[Provided data]

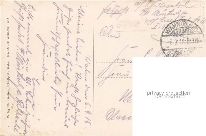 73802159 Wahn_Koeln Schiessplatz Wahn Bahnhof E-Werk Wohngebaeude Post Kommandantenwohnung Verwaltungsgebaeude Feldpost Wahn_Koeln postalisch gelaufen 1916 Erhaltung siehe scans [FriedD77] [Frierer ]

...

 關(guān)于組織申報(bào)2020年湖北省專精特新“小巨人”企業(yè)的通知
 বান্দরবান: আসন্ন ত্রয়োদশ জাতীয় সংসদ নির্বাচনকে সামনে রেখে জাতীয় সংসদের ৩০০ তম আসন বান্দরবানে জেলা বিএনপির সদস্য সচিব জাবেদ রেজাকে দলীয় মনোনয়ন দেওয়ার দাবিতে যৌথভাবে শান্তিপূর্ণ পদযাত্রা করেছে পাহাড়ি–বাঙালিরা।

[The task] Only one stretch of the records above is wanted: the lines between the one holding "關(guān)于組織申報(b" and the one holding "বান্দরবান: আসন্ন ত্রয়োদশ", inclusive, reproduced exactly.

[Exercise output]
 關(guān)于組織申報(bào)2020年湖北省專精特新“小巨人”企業(yè)的通知
 বান্দরবান: আসন্ন ত্রয়োদশ জাতীয় সংসদ নির্বাচনকে সামনে রেখে জাতীয় সংসদের ৩০০ তম আসন বান্দরবানে জেলা বিএনপির সদস্য সচিব জাবেদ রেজাকে দলীয় মনোনয়ন দেওয়ার দাবিতে যৌথভাবে শান্তিপূর্ণ পদযাত্রা করেছে পাহাড়ি–বাঙালিরা।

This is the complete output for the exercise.